Unnamed: 0,date,device,failure,metric1,metric2,metric3,metric4,metric5,metric6,metric7,metric8,metric9
0,01-01-2015,S1F01085,0,215630672,55,0,52,6,407438,0,0,7
1,01-01-2015,S1F0166B,0,61370680,0,3,0,6,403174,0,0,0
2,01-01-2015,S1F01E6Y,0,173295968,0,0,0,12,237394,0,0,0
3,01-01-2015,S1F01JE0,0,79694024,0,0,0,6,410186,0,0,0
4,01-01-2015,S1F01R2B,0,135970480,0,0,0,15,313173,0,0,3


In [None]:
#| export

def explore_dataset(dataset_df : pd.DataFrame,# DataFrame handler of the dataset
                    NAN_action : str , # action to take on null values
                    duplicate_action : str, # action to take on duplicate values
                    NAN_subset : list = None, # drop rows with null values in columns of NAN_subset
                    duplicate_subset : list = None, # drop rows with duplicate values in columns of dupliate_subset
                    inplace : bool = True # whether ot not to make changes in original dataset
                    ):
    try:
        
        print(f"In Dataset \nObservations : {(dataset_df.shape)[0]} \nColumns :{(dataset_df.shape)[1]}\n")

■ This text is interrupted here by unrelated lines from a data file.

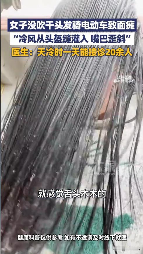 “太可怕了!”近日,河南郑州,一名女子洗完头后没吹干就骑电动车出门,冷风从头盔缝隙灌入面部,没多久她就感觉舌头微微发麻、晚上回家后才发现嘴巴都变歪了,就医后被确诊为面瘫。医生:天冷时一天接诊20余人,别让冷风钻了空子! 冬天洗头后着急出门的小事,但其实这种情况却极易引发意想不到的后果。 据媒体2月2日报道,这名女子洗完头后赶时间,简单擦了擦就戴上头盔出门了。骑车时,她明显感到冷风顺着头盔边缘往脸上钻,舌头好像被吹得麻麻的,但当时并未在意。 晚上回家后,女子对着镜子刷牙,这才发现自己的嘴好像有些歪,用手摸了摸左边的脸,感觉皮肤有些僵硬。意识到不对劲后,她连忙前往医院就诊。 医生检查后诊断为贝尔面瘫,罪魁祸首就是骑行时面部受到的冷风刺激。医生解释,湿发状态下头部毛孔张开,冷风会直接侵袭面部神经,导致神经水肿、功能障碍,进而引发面瘫。 医生表示,近期气温骤降,这类面瘫患者明显增多,高峰期一天能接诊20余人,大多是因为洗头后不吹干、骑车不注意面部保暖导致的。好在经过针灸和药物治疗,这名女子的症状正在逐渐好转,但仍需要持续康复。 因此,冬季洗头后务必吹干头发,骑车时可以佩戴防风面罩或围巾护住面部,避免冷风直接刺激。一旦出现面部麻木、口角歪斜等症状,要及时就医,避免延误治疗。 信息来源:《头发未干骑车出门女子面瘫!虽然装备齐全但风依然透过头盔“吹"进来》都市报道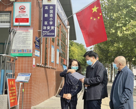 中新河南網(wǎng)10月10日電(吳勇強(qiáng))為確保國(guó)慶假期后學(xué)生安全有序返校,進(jìn)一步推進(jìn)學(xué)校校園管理和日常疫情防控工作,10月8日,鄭州市教育局黨組書(shū)記、局長(zhǎng)楚惠東在高新區(qū)管委會(huì)社會(huì)事業(yè)局副局長(zhǎng)李國(guó)林的陪同下,蒞臨高新區(qū)外國(guó)語(yǔ)小學(xué),就學(xué)校疫情防控和校園安全等各項(xiàng)工作進(jìn)行全方位指導(dǎo)。
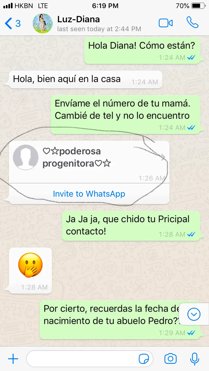 I ask my niece for my sister's number, as i have changed phone and i don't have her contact. It made me laugh her creative naming: Poderosa progenitora something like powerful progenitor (female).

        ### null values ###
        null_values = dataset_df.isnull().sum(axis = 0)
        print(f"-----NAN values-----\n{null_values}\n")
        
        # if null values found in dataset perform NAN_action specified 
        if (null_values.sum()):
            if NAN_action =='drop': 
                dataset.dropna(inplace=inplace)
                print(f"{NAN_action} NAN successful \n")
                
                

        ### duplicates ###
        
        # we need record of each machine only once per day
        duplicate_values = dataset_df.duplicated(subset=duplicate_subset).sum()
        print(f"-----Duplicate records-----\n{duplicate_values}\n")
        
        # if null values found in dataset perform NAN_action specified 
        if duplicate_values:
            if duplicate_action =='drop': 
                dataset_df.drop_duplicates(subset= duplicate_subset, inplace=inplace)
                print(f"{NAN_action} Duplicates successful \n")
                
    
    except Exception as e:
        print(e)
        return None
    

In [None]:
#| hide
import nbdev; nbdev.nbdev_export()